Railtrack has been a disastrous investment but a great advert for the benefits of collective investm...
Railtrack has been a disastrous investment but a great advert for the benefits of collective investments.
For all those who put the one-time privatisation stock into their portfolios, often as a single company Pep, it has been a greater roller coaster ride than the stock market or UK equity funds could offer.
Just before Railtrack went into administration last October, the shares were trading at around £2.80. They then disappeared into investment limbo, with the City putting a prospective value on them of anything between nothing and 70p. At best that is a fall of 75%. The U-turn by the Government leaves them with an estimated share price of nearer £2.60, a rise of 271% from 70p. When it is remembered Railtrack shares were once around the £17 mark, the subsequent lows and ultra lows demonstrate that individual equities can be a lot more volatile than volatile markets.

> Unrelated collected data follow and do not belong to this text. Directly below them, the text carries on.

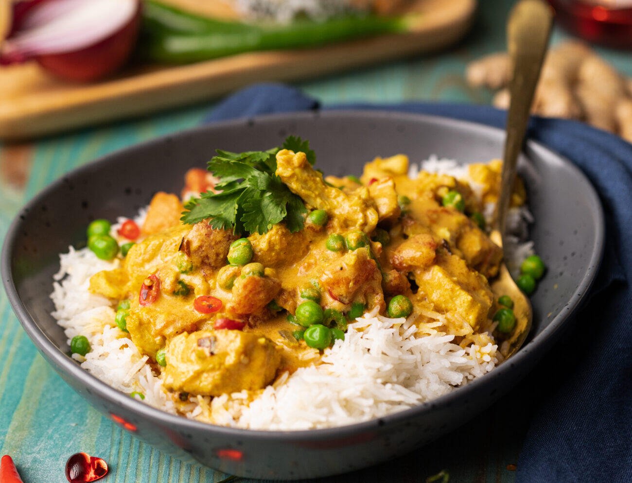 Σερβίρουμε το κάρυ με το ρύζι και πασπαλίζουμε με φύλλα κόλιανδρου.
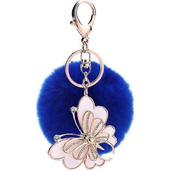 Keychain with ball and plush for car keys or handbag. Royal Blue
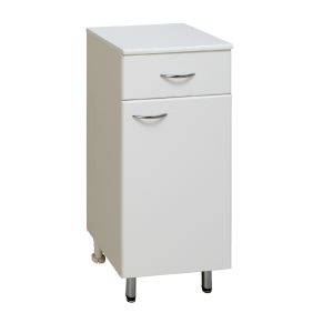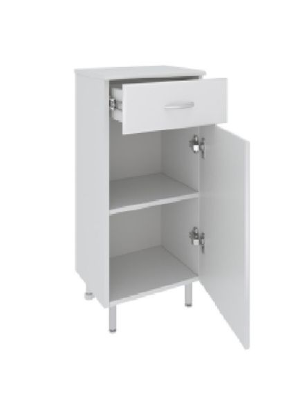 Тумба в ванную (полупенал) с одним выдвижным ящиком и распашной дверкой. В нижнем отделении - одна встроенная полка. Ящик - на шариковых направляющих, петли со встроенным доводчиком, ручки - 2шт, ножки хром - 2 шт, ножки пластик -2шт. Выпускается только в правом исполнении.
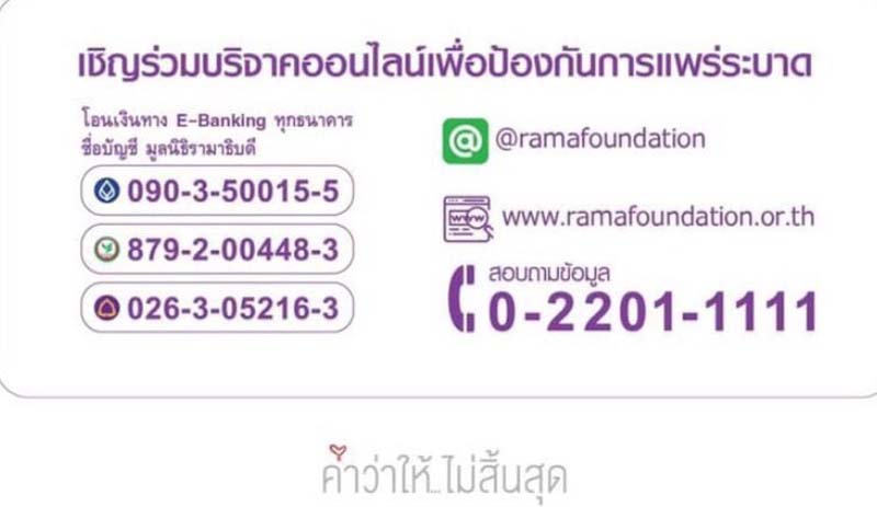 คณะแพทยศาสตร์ โรงพยาบาลรามาธิบดี และมูลนิธิรามาธิบดีฯโครงการป้องกันและช่วยเหลือสถานการณ์แพร่ระบาดของโควิด-19เพื่อสร้างความพร้อมและความคล่องตัวในการบริหารจัดการด้านต่างๆ สำหรับรักษาผู้ป่วยโควิด-19 บริจาคผ่านช่องทาง on line ได้ที่ ธนาคารกรุงเทพ หมายเลขบัญชี 090-3-50015-5ธนาคารกสิกรไทย หมายเลขบัญชี 879-2-00448-3 และธนาคารไทยพาณิชย์ หมายเลขบัญชี026-3-05216-3 สามารถสอบถามข้อมูลเพิ่มเติมที่โทรศัพท์หมายเลข02-2011111
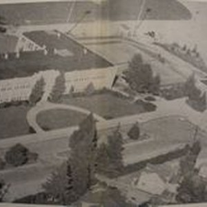 Photo--black and white: Aerial view of Analy High School, 1953.
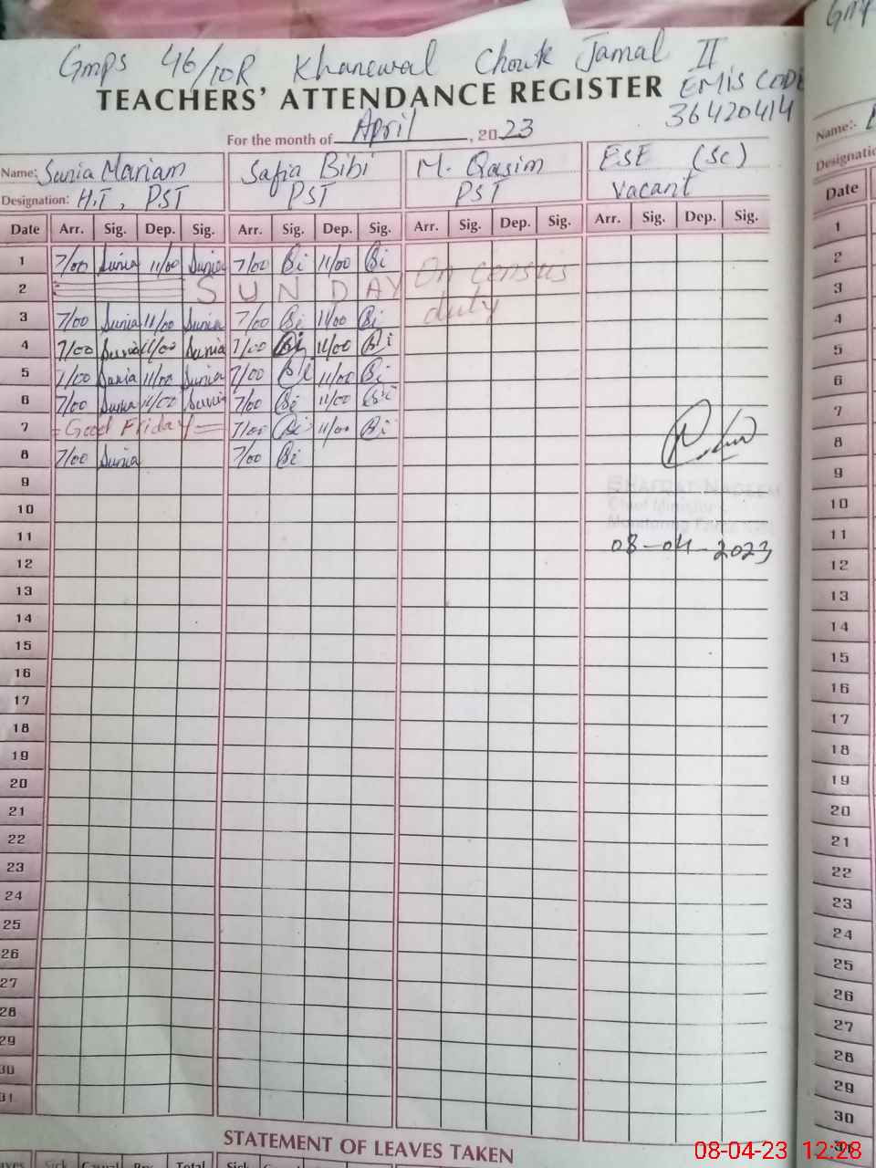 | Name: Sa**** Bi**** Designation: (School Headmaster's/Headmistress's) PST Phone/Cell Number: 03**** |
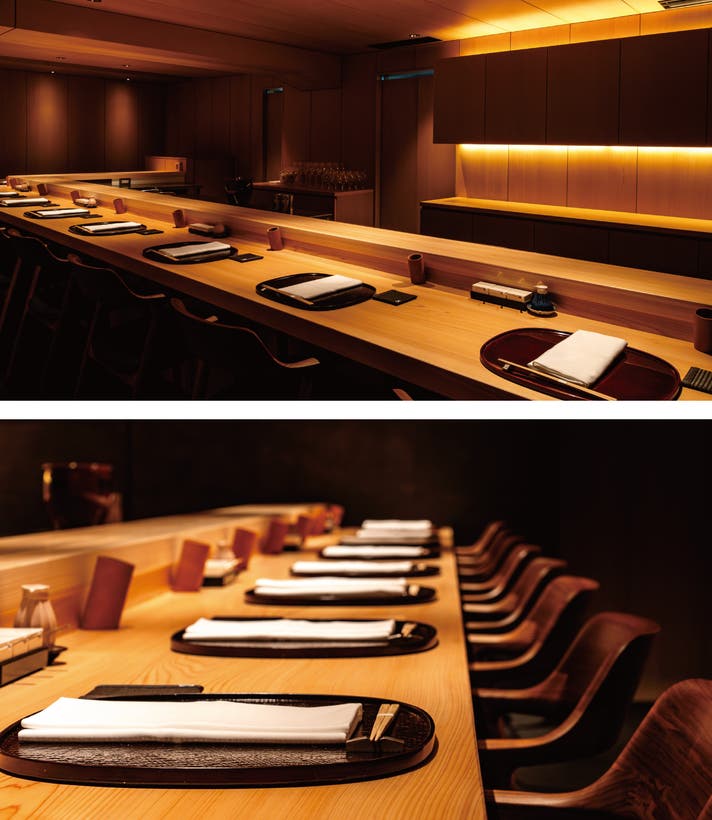 檜のカウンター席が洗練された佇まいを醸し出している。
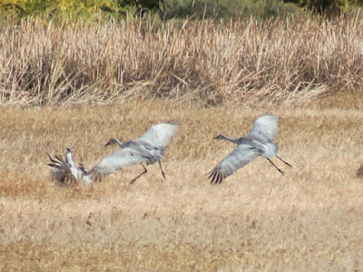 | This was truly a sight. The cranes are arriving for feeding before going to roost for the night. Their distinctive calls and slow descent as they circle a landing area is very memorable. |
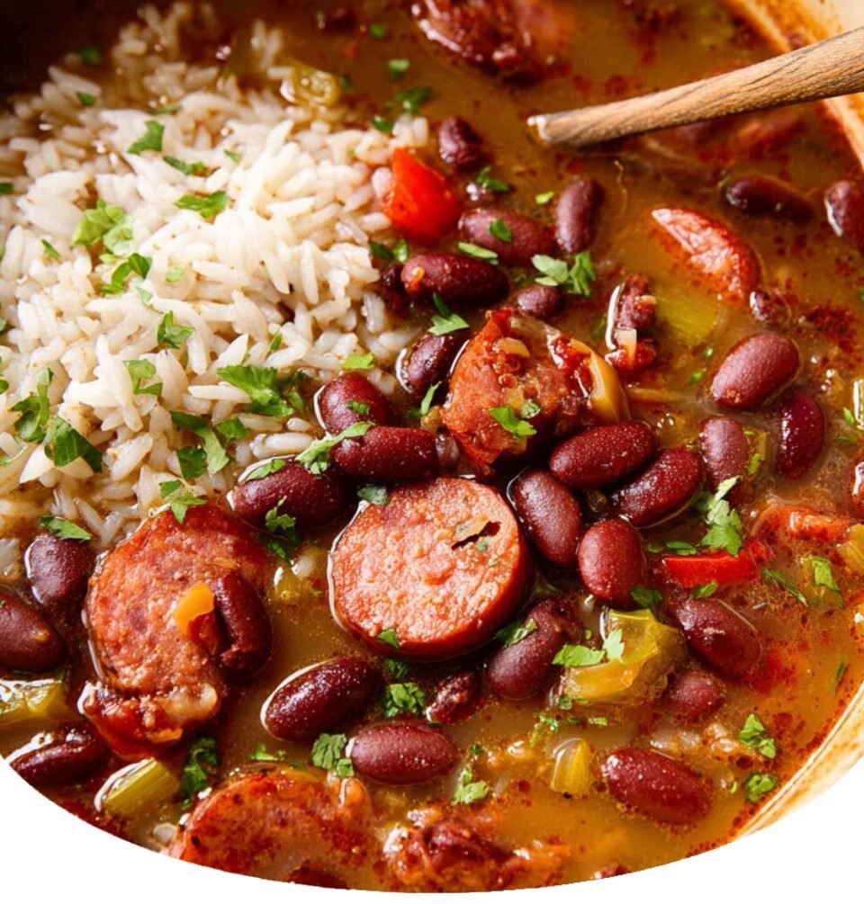 Spicy andouille sausage and tender beans in a flavorful stew, served over fluffy rice for true Southern comfort.

One lesson from Railtrack is that blue chip stocks are not a guarantee of safe, perpetual growth. Buy and hold simply is not a credible strategy. Railtrack may have had a lot to do with Government intervention and less with a company truly facing administration but it is not alone. Marconi has also proved the fallacy of buy and hold, as did Polly Peck in the 1980s.
Even so, the future for Railtrack shareholders is not yet certain and has left a nasty taste in the mouth. The Government U-turn on shareholder compensation may be a victory but the possible 250-260p payout may not, at the end of the day, be fair.
It does represent a loss of 8% in six months but perhaps after the prospect of getting the nothing originally vowed by transport secretary Stephen Byers, anything near the administration price of 280p should be jumped at.
Legal challenge looks unlikely as the big institutional shareholders are apparently happy and intend to accept the proposals, which should be enough to see them carried despite the qualms of individual investors.
Fund groups are unsure of the valuation being provided by the Government. Many, according to the IMA, are in fact valuing the stock around 200p.
The fund groups are unwilling to talk about the basis for this valuation and it can only mean one thing. They are afraid 250p to 260p will not materialise, that Railtrack's assets and the value the market puts on Eurotunnel may not be correct.
With uncertainty and volatility continuing to dog Railtrack, there is a strong argument for trying to get out of that investment and into a collective as soon as possible.